En Europe et aux Etats-Unis, cette idéalisation se prolonge hors du désert par un engouement pour les camélidés : petits camélidés comme animaux de compagnie, association de camélomanes, méharées au catalogue des agences de voyage, organisation de courses médiatisées comme le marathon de Douz (Tunisie) ou la course qui réunit tous les ans les jockeys australiens de la région d’Alice Spring, et ceux de Virginia City dans le Nevada (USA) pour le grand Camel Derby.
Dans les pays du Sud, le dromadaire demeure encore empreint d’une forte symbolique où prédomine l’identité culturelle du nomade. Bien des manifestations culturelles organisées ici ou là, s’attribuent le dromadaire comme point focal. Les festivals du désert, en Tunisie, en Algérie, au Mali ou ailleurs mettent tous en exergue le dromadaire comme animal emblématique. Dans le monde touareg, au Mali, au Niger, la Cure Salée, au-delà d’une transhumance nécessaire pour la santé des animaux est un moyen d’affirmer leur identité de nomade. Dans les pays d’Afrique sub-saharienne, on protège les animaux contre le mauvais œil. En Inde, à l’occasion de la foire de Pushkar, les chamelles sont maquillées, décorées, embijoutées jusqu’à l’excès.
La défense de l’identité culturelle s’affiche également au travers des produits comme le lait. Chez les populations pastorales sédentarisées et urbanisées, le lait de chamelle est la plupart du temps préféré au lait de vache parce qu’on lui prête des vertus multiples, médicinales ou tonifiantes (Yagil and Van Creveld, 2000). En Asie centrale, les produits laitiers traditionnels issus de la transformation de lait de chamelle sont identifiés à un terroir, à un pays et de véritables cures sont préconisées pour assurer une santé vigoureuse aux consommateurs (Konuspayeva et al., 2003).
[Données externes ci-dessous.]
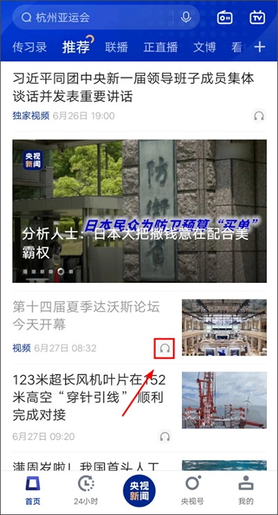 1. 开启《新闻联播》,在首页找到自己想听新闻的标题,点击其旁边的耳机图标就行。

En Mauritanie, le lait de chamelle, associé aux dattes, est apporté en quantité à l’occasion de cure d’engraissement pour les épouses que les hommes aiment enveloppées.
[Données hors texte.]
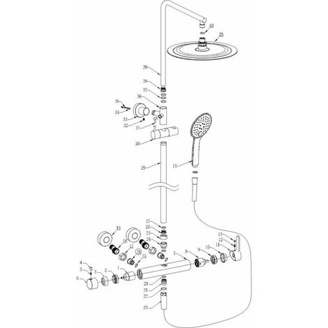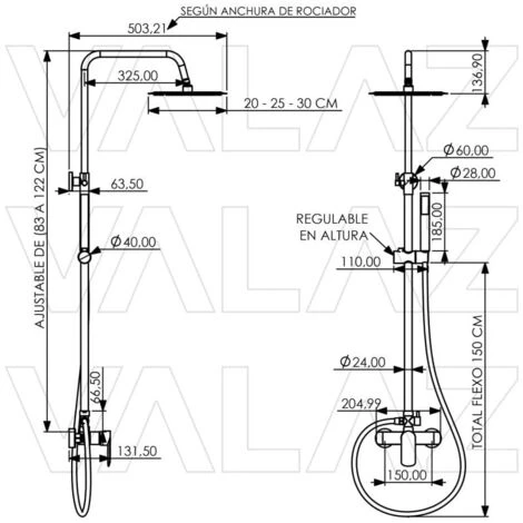 - Columna de ducha con una cabeza de ducha formato grande con opciones: Ø 20 cm / Ø 25 cm / Ø 30 cm

Enfin, il est jusqu’aux scientifiques qui, prenant fait et causes pour le dromadaire, et en vertu de ses remarquables capacités d’adaptation aux conditions du désert, sont capables de tenir un discours emphatique sur cet animal. Certains n’hésitent pas à le considérer comme un élément central de la lutte contre la famine, le sauveur de la désertification, le champion de la préservation de l’environnement. On prête dès lors au dromadaire toutes les vertus d’un remède miracle aux maux des pays arides.